3-2. Provide more in-depth training and support for reviewers. Peer reviewers currently receive some training with regard to evaluation criteria and other review procedures. For example, reviewers are provided information about their responsibilities as panel members and about completing standard evaluation forms. This training is provided through the materials sent to panelists prior to their review and as part of the basic orientation at the beginning of the panel meeting.
OERI should consider providing more in-depth training to peer reviewers. Reviewers need to understand the requirements for independent assessment, scoring, revision, and assignment of applications to funding categories. They also need to understand that their comments will be the only substantive information unsuccessful applicants receive; thus those comments should help applicants understand the decisions that were made, as well as improve their future submissions. Such training might include detailed instruction in properly evaluating grant applications. Examples of exemplary reviews might also be provided to illustrate the standards to which reviewers should hold themselves in rating applications.
Another means of improving reviewers' performance is to provide them with a set of questions to guide their reviews. Given that many of the applications fall into three or four broad categories of research design (e.g., curriculum or program development with pilot test or observation; evaluation of a curriculum or intervention; and implementation study of a state or local policy using a variety of methods, such as interviews, focus groups, classroom observation, and document analysis), it may be possible to draft a set of questions specifically appropriate to these broadly used designs. For example, there are certain questions one can ask about equivalence of treatment of control and comparison groups; about the documentation of implementation; and about the relationships among intervention, instruments, and various dependent variables. These questions could be suggested as ones reviewers might ask about the applications they review.

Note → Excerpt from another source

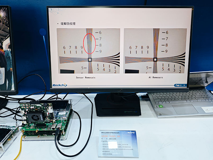 作為本次的重磅新品,瑞芯微新一代4K機器視覺芯片RV1126B備受關(guān)注。RV1126B具備3T強勁算力,可運行2B以內(nèi)規(guī)模的大語言模型及多模態(tài)模型,針對算力、AI-ISP、AOV3.0、超級編碼、防抖等性能均有明顯升級。現(xiàn)場演示了多項引領(lǐng)行業(yè)的技術(shù)應(yīng)用,賦能各類視覺設(shè)備實現(xiàn)從“看得見”到“看得懂”的質(zhì)的飛躍:
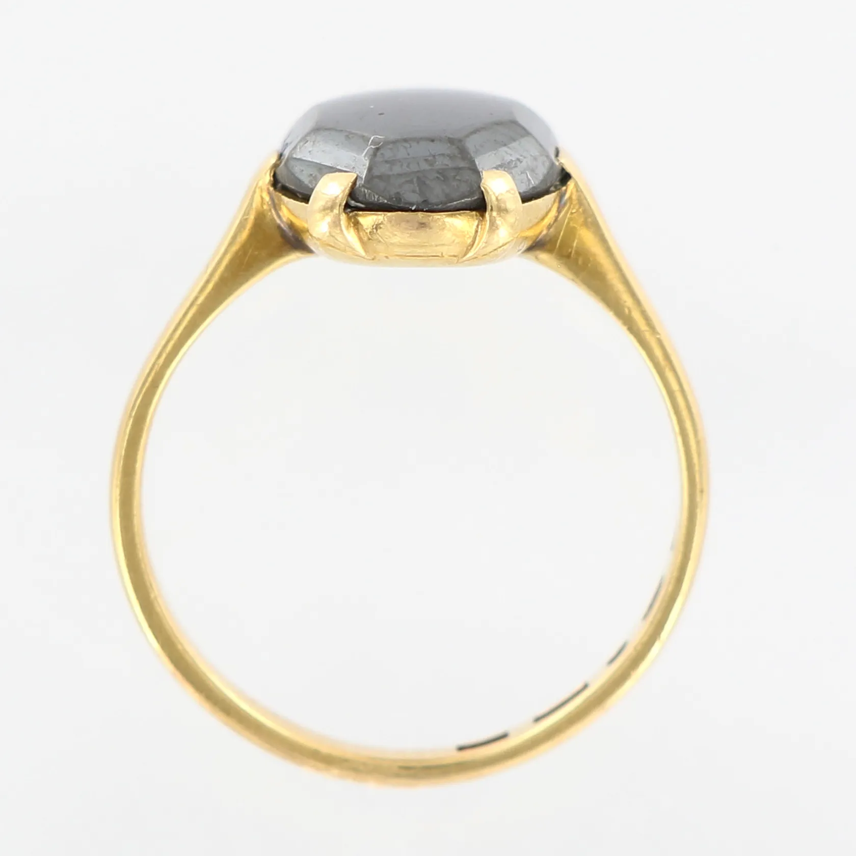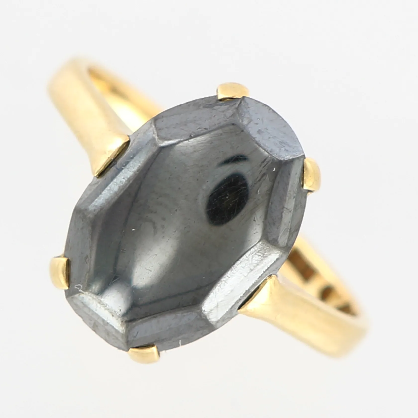 Ring med hematit, slt 17¼, bredd 2-14mm, 18K Vikt: 5,5 g.

Moreover, many reviewers who write detailed and cogent comments on design simply do not appear to concern themselves with timelines, benchmarks, or budgets, possibly because they may not be the most appropriate judges in these areas and do not know the correct questions to ask. They may focus on small details (such as missing resumes for research assistants) because they do not know what else they should be considering. This problem is most critical with respect to center reviews, where millions of dollars are at stake. OERI should provide a series of specific questions for reviewers to ask about budgets and management plans (and also some ideas about what items are off limits, such as entertainment expenses).
Providing reviewers with elaborated scoring rubrics that would serve as criteria against which to rate applications is another way to improve the reviews. Such rubrics would explain the meaning of different numerical scores (e.g., what it means to assign 29 out of 30 or 20 out of 30 points). The rubrics would differ by evaluation criterion.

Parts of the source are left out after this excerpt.